Canoe Bay Resort: Chetek, Wis.
Fireplace? Check. Breakfast delivered to your room (so the two of you can eat in the cushy robes)? Check. Wild animal that sends you into your partner's arms? If a dawdling porcupine blocking the hiking trail counts, check.

Canoe Bay Resort is that ideal romantic spot where wilderness meets luxury. The resort has only 23 units on its 280 woodsy acres, so you feel secluded as you gaze out on the lake from a nicely situated bench among the oaks. The well-spaced stone-and-wood cottages and rooms add to the air of privacy. Tables for two dot the hushed dining room, where pork loin comes with an apricot glaze and baby roasted beets brighten greens.

The resort is one of a few Relais & Chateaux properties in the United States and the only one in the Midwest; the designation is given to hotels and restaurants appreciated for their charm, prestige and high culinary standards.

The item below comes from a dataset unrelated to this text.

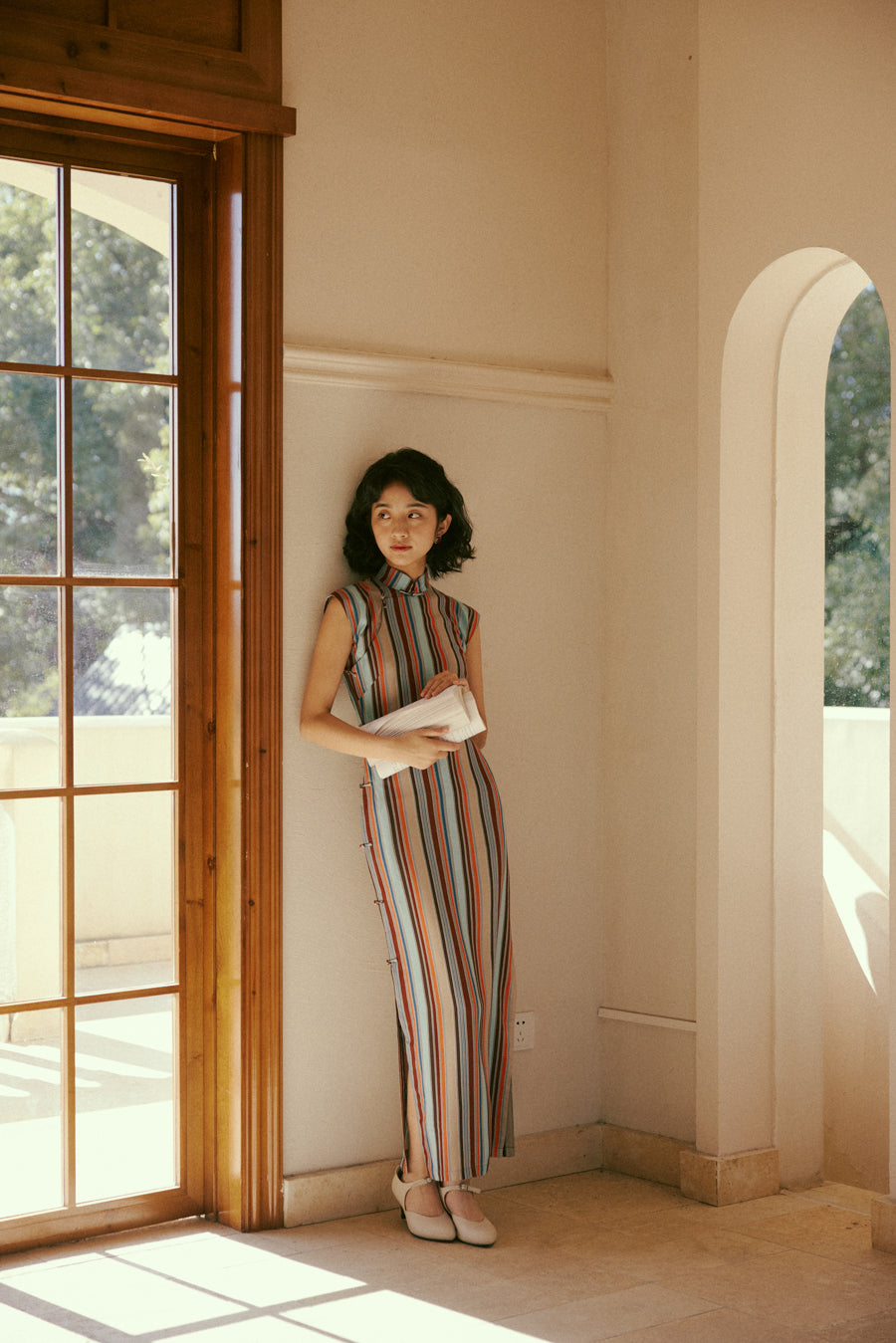 Силуэт на основе чонсамов 1930-х годов, принт в полоску в стиле ретро, вдохновленный Гонконгом 1960-х годов.

Here's a real charmer: Cell phone reception is spotty -- and what a boon that is to modern-day romance.

KERRI WESTENBERG

St. James Hotel: Red Wing, Minn.
With its antiques, Amish quilts and other stylish appointments, the St. James Hotel oozes Old World charm. But in the warmer months, especially along the equally enticing Main Street out front, something is missing: peace and quiet.

Winter and early spring, however, afford visitors the kind of tranquility that ratchets up the romance-o-meter a few notches. Yes, those strolls along Lake Pepin can be a bit brisk, but a return to a rapturous room or a languid lunch at the soothing downstairs eatery called the Port will warm more than the cockles of one's heart.

To up the throwback-osity factor, consider heading down there via rail. Amtrak's daily route leaves St. Paul at 7:50 a.m., and the return ride departs Red Wing at 8:52 p.m. In the interim, a little time in the lap of luxury never hurt anyone.